Bu yazı cuma günü yazıldı. Yazının yayınlanacağı pazartesi gününe kadar Türkiye’de nelerin olacağını bilemiyoruz ama emin olduğumuz bir şey var ki artık Türkiye, asla eskisi gibi berbat hayatın dayatıldığı, insanların psikolojilerinin yerlerde süründüğü, çoğunluğun zalime boyun eğdiği bir ülke olmayacak. Bu halk ayağa kalkmasını ve sokakta siyaset yapmasını öğrendi. Kolektif hafızasına bunları bir daha çıkmamacasına kazıdı. Paha biçilmez bir kazanım bu. Bu yaşlarda bunları gördüğümüz için kendimizi şanslı hissetmemiz gerekiyor.
Bu bir sınıf hareketi değil halk hareketi. Ama sınıf hareketleri, halk hareketi geleneği olan ülkelerde yükselir. Taksim Komünü, on günde bize bu geleneği kazandırdığı için, bu coğrafyada atılmış en ileri tarihsel adımlardan biridir belki de birincisidir.
Eğer bu halk hareketiyse halkın dünyasında, psikolojisinde, yüreğinde, aklında ne varsa bu harekete renk vermek durumundadır. Bu renklerin gerici ve faşist karakterde olmadığını belirtmemiz gerekiyor. Çünkü bu tür mücadele etmeyen, statükocu şeyler halkın bünyesinde gelişmez, egemenler tarafında “sağ tık + gönder” şeklinde halka yüklenir. Halkın gündeminde futbolun çok önemli bir yeri olduğu için, hareketin en önemli renklerinden biri de taraftarlık kültürüdür.
Çok değil iki hafta önce, kapitalizmin futbola ettikleri üzerine belalar okuyorduk. Can almaya da başlayan bu bela, gençlere TOMA’lardan karanlık ve sömürü düzeni sıkıyordu. Hala da sıkıyor. Ama kökeninde –bazıları farkında olmasa da- kapitalizm karşıtlığının yattığı halk hareketi, taraftarlık kültürü üzerinde inanılmaz olumlu bir etki bıraktı.
Bu etkiyi geçen sene Metin Kurt’un cenazesinde de görmüştük. Bir komünist olan Metin Kurt “futbol borsada değil arsada güzel” demişti. Tabutunu çeşitli takım formaları giymiş taraftarlar beraber taşımışlardı. Verili düzen içerisinde sokakta birbirlerini gördüklerinde saldırıya geçenler, bir komünistin cenazesinde yan yana gelmişlerdi.
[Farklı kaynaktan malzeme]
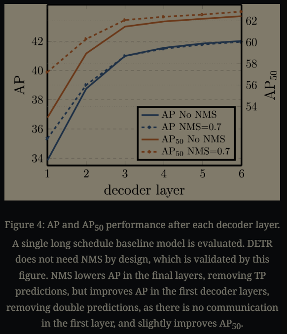 NMS를 추가했을 때 초기 레이어에서는 NMS가 없는 방법보다 AP가 높지만 decoder layer를 추가적으로 더 통과하고 나서는 그 차이가 줄어들고 NMS 없이도 비슷한 성능을 낸다는 것을 확인할 수 있습니다. 고로 NMS 없이도 정확하게 GT와 모델의 예측이 잘 매칭되고 학습이 되었다고 볼 수 있겠지요?
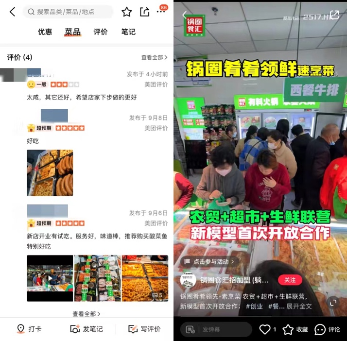 目前为止,包括大众点评与小红书等公开网络平台上,关于“锅圈肴肴领鲜”的来自消费者的评价寥寥无几——这似乎也合乎情理,与在社交平台上具有强曝光的消费品牌店相比,一间开在农贸市场的店及其消费群体,有着不同的调性。较为明显的一个对比是,小红书上一位网友发布的一家锅圈肴肴领鲜门店视频显示,聚集在其门口的消费者中,并不少见老年人。
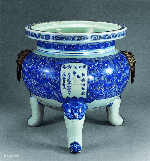 青花瓷兽面纹三足炉
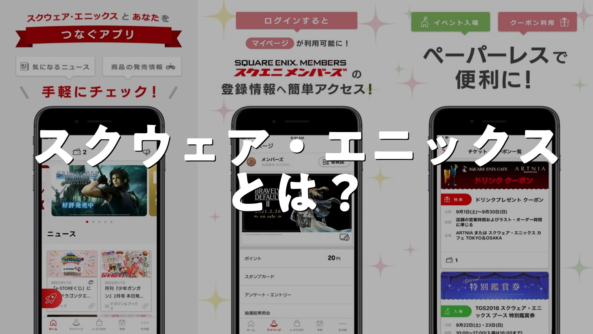 スクウェア・エニックス アプリは、スクウェア・エニックス公式のサービスをまとめて利用できるスマホ向けアプリです。ニュースフィードで最新情報をチェックしたり、公式EC「e‑STORE」での商品確認、スクウェア・エニックス カフェの予約や電子チケットの受け取り、会員証のカードフェイス変更など、ユーザーのスクエニ周りの体験を1つのアプリで便利にすることを目的としています。会員向け機能を使うにはスクエニ メンバーズへの登録が必要です。
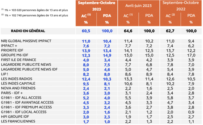 Médiamétrie - EAR > Île-de-France - Septembre-Octobre 2023 - Ensemble 13 ans et plus - Copyright Médiamétrie - Tous droits réservés
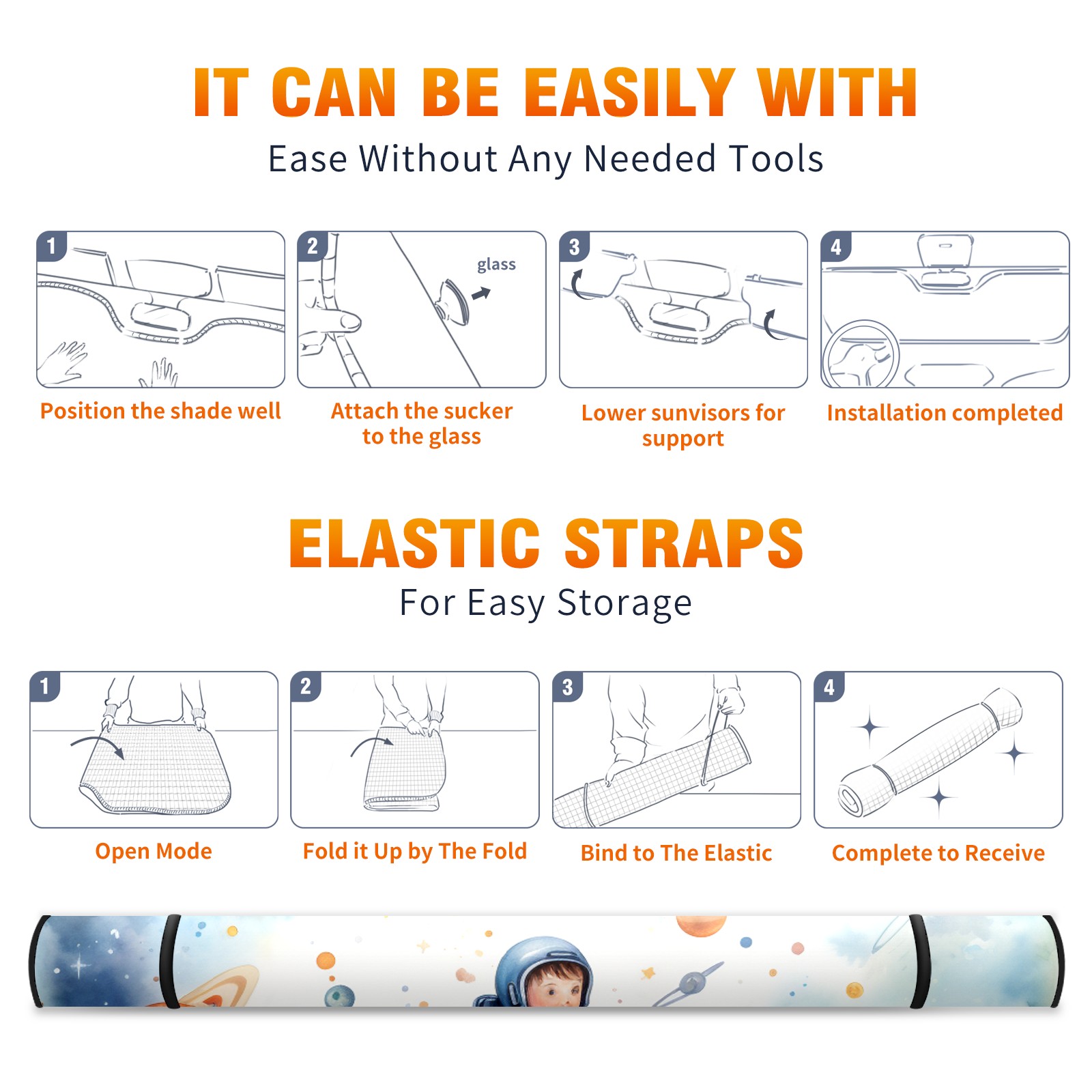 Car Windshield Sun Shade For Front Window Astronaut Baby Foldable Vehicle Windshield Car Sun Visor Covers Automotive Window Protector Car Camping Privacy Sun Blocker
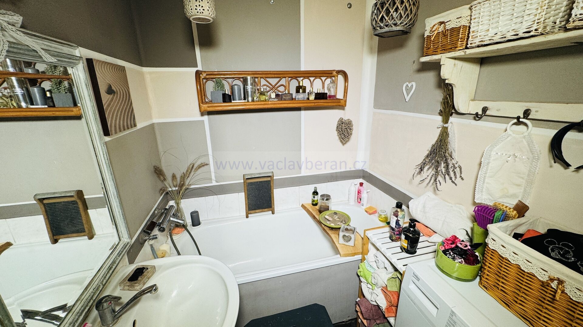 Na radiátorech jsou odpočtová měřidla, termostatické hlavice. Okna jsou plastová včetně žaluzií. Měsíční předpis plateb je 5065,- Kč/měsíc + elektrika. K bytu náleží sklep 4m2.
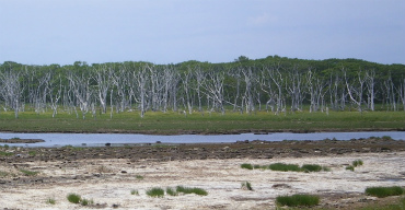 海の浸入はいまも続いていて、かつてのトドワラがこうであったろうと思われるのがナラワラである。ここは、ミズナラの林の中に海水が入ってきて立ち枯れているもので、下の写真に見られるようにまだまだ数多くの木を確認することができる。しかし、こちらも年々減ってきていることは間違いない。
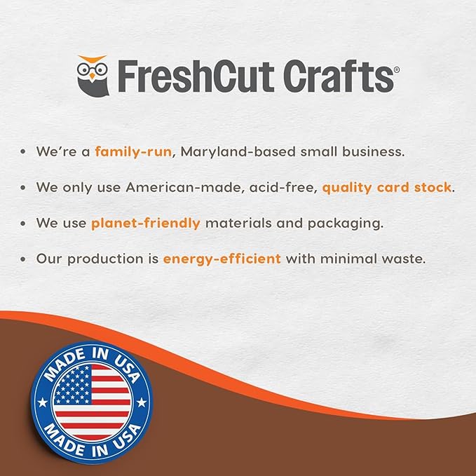 - FEEL-GOOD CRAFTING: At FreshCut Crafts, we're all about crafting with a conscience. Our products are not only about creativity but also about making a positive impact. Proudly family-made in the USA, we use high-quality, acid-free American-made paper that's perfect for preserving memories and creating lasting keepsakes. Our energy-efficient production processes are designed to minimize waste, ensuring that we leave a smaller footprint on the planet.
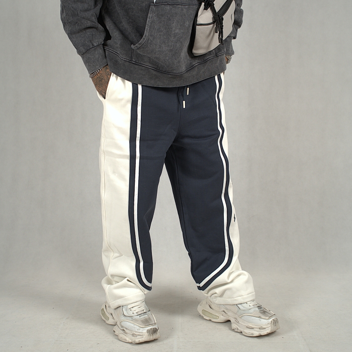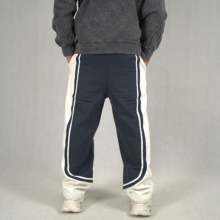 مدل (استایل): شلوار اسلش (Sweatpants/Track Pants) با ظاهری گشاد (Baggy/Relaxed Fit) که در حال حاضر ترند (مد) هستند.
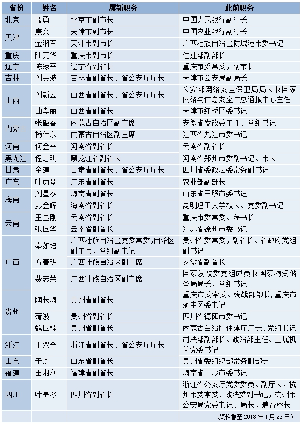 新華網(wǎng)北京1月24日電(記者陳淑君 李志強)2018年省級地方兩會大幕開啟,多地黨政領導班子近日迎來密集調(diào)整。1月19日到23日,重慶、廣西、甘肅等地省級黨委常委班子成員陸續(xù)調(diào)整,北京、天津、內(nèi)蒙古、遼寧等十九省區(qū)市28位省級政府副職履新。

Taksim direnişinde de yan yana geldiler. Karşında faşizm varsa, yüklenirken yanında kimin olduğuna bakmazsın. O yüzen Çarşı grubu gidip 50 Fenerbahçeliyi polisin elinden kurtardı. O yüzden 1 Haziran günü alana “Yaşasın Renklerin Kardeşliği” pankartı arkasında her takımın taraftarı beraber girdi. Aralarındaki nefretin ne kadar da sanal olduğunu gördüler.
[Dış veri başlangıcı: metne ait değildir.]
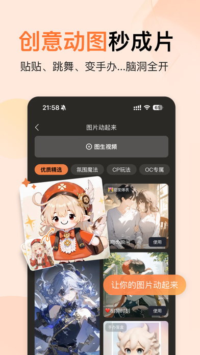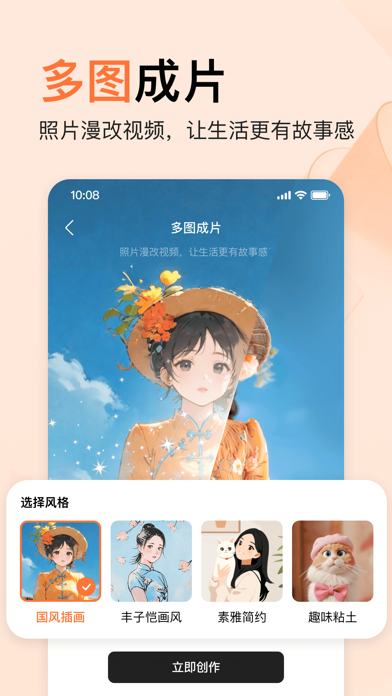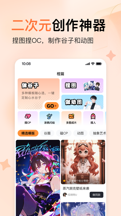 橙篇,专属于年轻人的创作和交流平台。 这里有好用且全能的二次元创作工具组合—— 【搞二创】快速、免费制作角色/OC的壁纸、头像、梗图、小漫画、动漫视频等,更多“组合技”等你来探索! 【做周边】心动谷子秒做!几十种模版可选,无料周边轻松产出,实现吃谷自由! 【找同担】分享作品到社区,与同圈小伙伴产粮吃粮,再小的兴趣爱好,也要闪闪发光! 这里还有智能PPT、长文写作、超长文档总结等工具,希望帮你高效完成工作、学习中的各项任务,兴趣爱好、事业学业双丰收~ 重点功能: 【捏图】近百角色,数十风格,快速捏出属于你的原创角色;更可以捏CP,无论烫圈冷门,白月光还是意难平,你来写剧本。 【制作谷子】几十种谷子模版,多种谷子类型全覆盖,想要的谷子即刻做起来;更可以下载谷子印刷图,直接打印,实现吃谷自由! 【动漫视频】图片转视频/实况。原创角色图动起来,惊喜不断,快来体验。 【虚拟聊天】近百角色,7*24陪伴。遇见多样AI角色,开启专属于你们的故事! 【涂鸦闪绘】随意涂鸦,实时生成图像,让想象力飞一会。 【多图成片】上传多张照片,秒变动漫故事视频,让生活照片也能充满动漫故事感。 【智能PPT】基于主题、图片或文档,快速生成多图PPT,海量精美PPT模版随心选择,一键搭配应用 【长文生成】基于主题或文档,一键生成大纲,和格式标准的万字长文。 【自动续费百度橙篇会员】 订阅名称:百度橙篇会员连续包月 时间:购买后立即生效 周期时长:1个月 价格:39元 取消续订:如需取消订阅,请在当前订阅周期到期前24小时以前,手动在iTunes/Apple ID设置管理中关闭连续包月功能,到期前24小时内取消,将会收取订阅费用。具体取消步骤为:在IOS设备【设置】【iTunes Store与App Store】选择【Apple ID】点击【查看Apple ID】在账户设置页面点击【订阅】取消订阅即可。 服务协议: https://appcp.baidu.com/naflowerv3/browse/subscribeprotocol?protocolType=user&naviHidden=true 橙篇会员服务协议: https://appcp.baidu.com/naflowerv3/browse/subscribeprotocol?protocolType=vip&naviHidden=true 橙篇会员自动续费服务协议: https://appcp.baidu.com/naflowerv3/browse/subscribeprotocol?protocolType=vipAuto&naviHidden=true优化产品体验,修复了已知问题
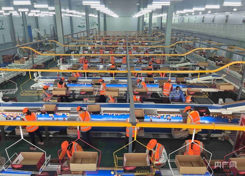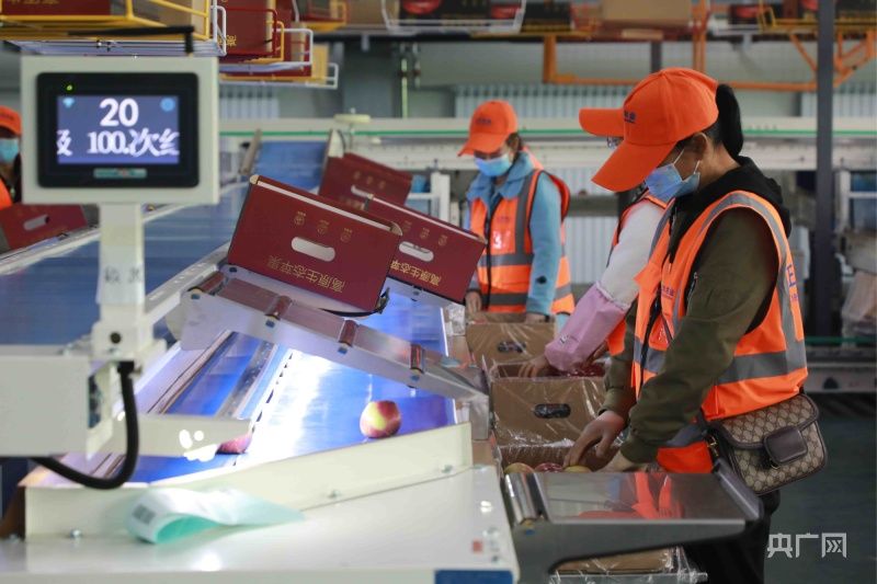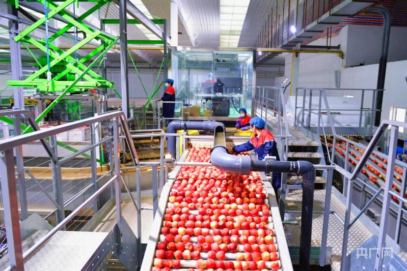 工人在分拣线上包装苹果(央广网发 胡蕊 摄)
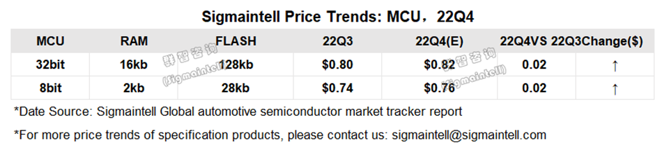 车用MCU:四季度涨幅收窄,预计2023全年价格难下行

Ağustos ayında oynanacak olan Süper Kupa finalinde, bütün takım taraftarlarının formalarıyla karışık oturacakları konuşuluyor. Böyle bir şey gerçekleşirse futbolu geri kazanma mücadelemizde çok önemli bir barikatı daha yarmış olacağız.
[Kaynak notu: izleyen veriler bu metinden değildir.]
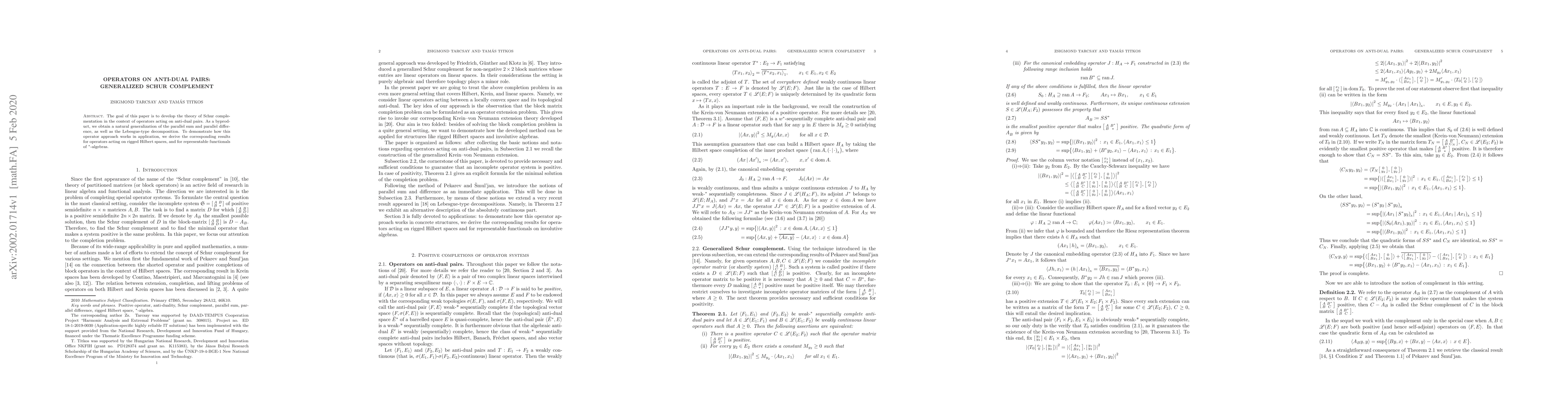 The goal of this paper is to develop the theory of Schur complementation in the context of operators acting on anti-dual pairs. As a byproduct, we obtain a natural generalization of the parallel sum and parallel difference, as well as the Lebesgue-type decomposition. To demonstrate how this operator approach works in application, we derive the corresponding results for operators acting on rigged Hilbert spaces, and for representable functionals of ${}^{*}$-algebras.
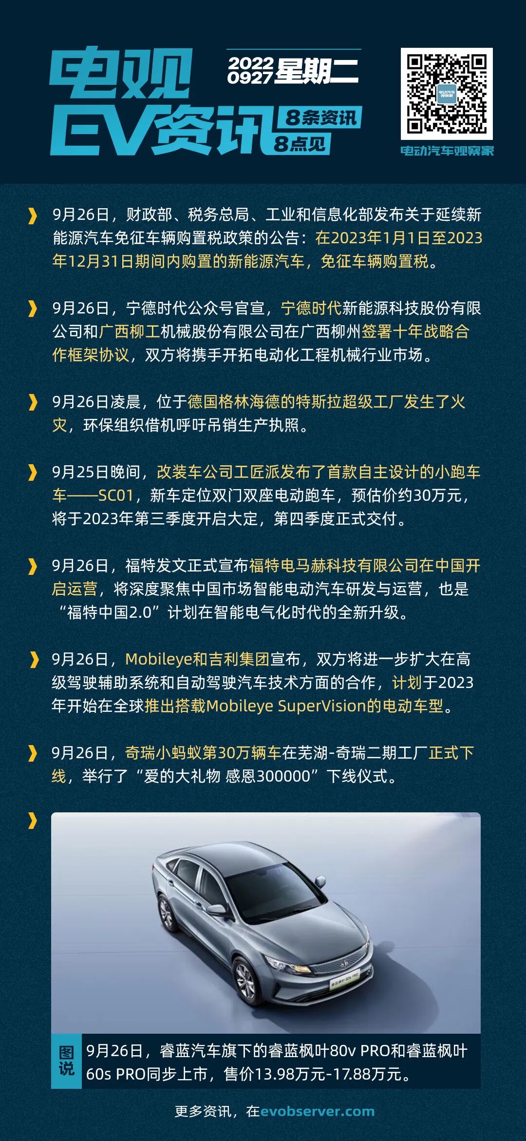 9月26日,财政部、税务总局、工业和信息化部发布关于延续新能源汽车免征车辆购置税政策的公告:在2023年1月1日至2023年12月31日期间内购置的新能源汽车,免征车辆购置税。
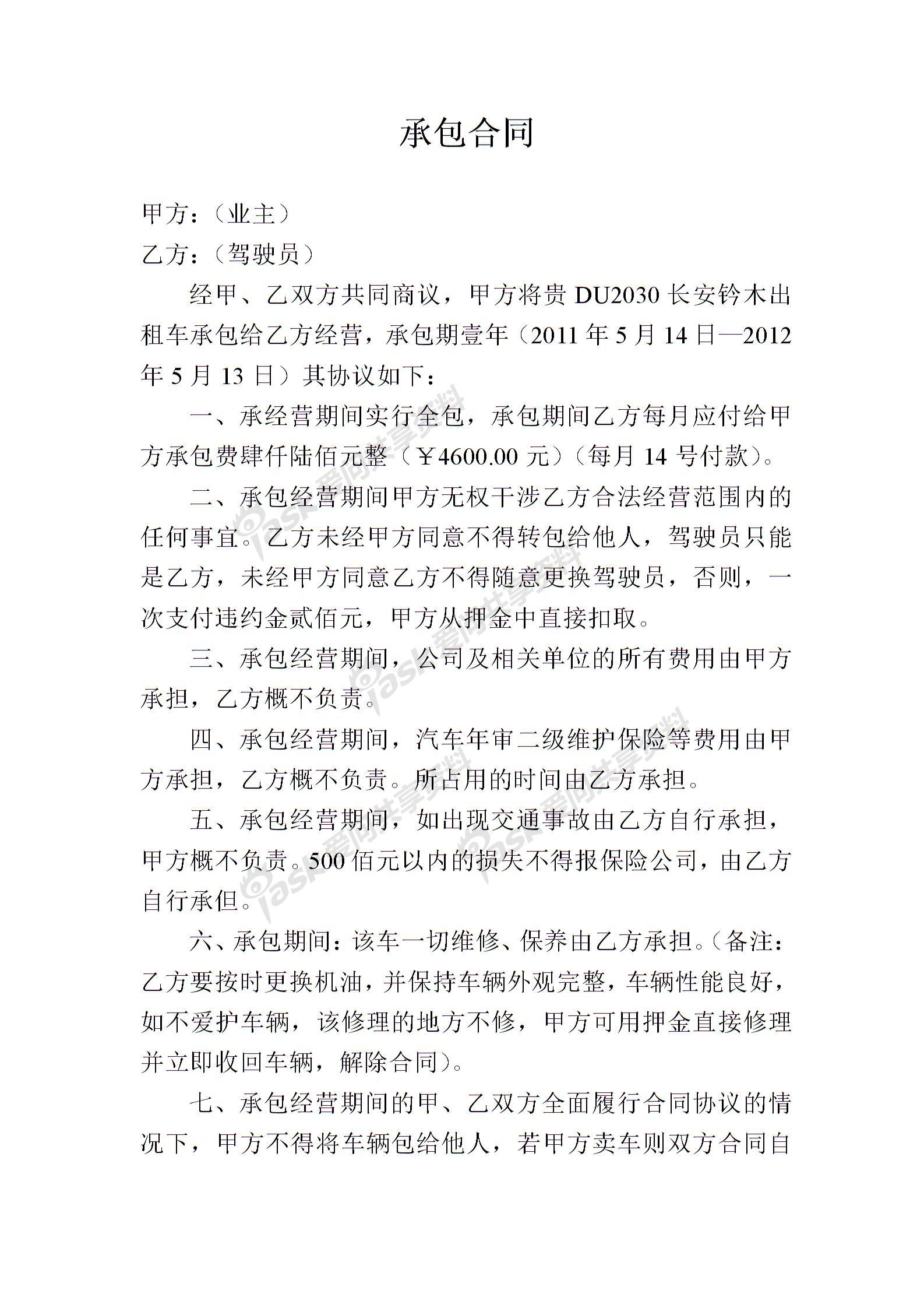 客运线路租赁承包合同下载

Sadece futbolu değil başka şeyleri de geri kazanacağız. Şu anda Gezi Parkı’na giderseniz gelecekteki Türkiye’yi görebilirsiniz. O yüzden Taksim Komünü diyoruz. 1871 Paris Komünü’nü hatırlatıyor. Şu anda orada parasız eğitim, parasız sağlık, metalaştırılmamış sanat, kültür ve spor var. Dinci gericilik, ırkçılık, ayrımcılık yok. İnsanların yüzleri gülüyor. Umutsuzluktan, karamsarlıktan, “bu halkın adam olmayacağı” efsanesinden gram eser yok. Özel mülkiyet yok. Sömürü yok. Starlar, kahramanlar, padişahlar, stratejik derinlikçiler yok. Böyle bir ülke ne kadar güzeldir! Böyle bir ülkede futbol ne kadar heyecan vericidir!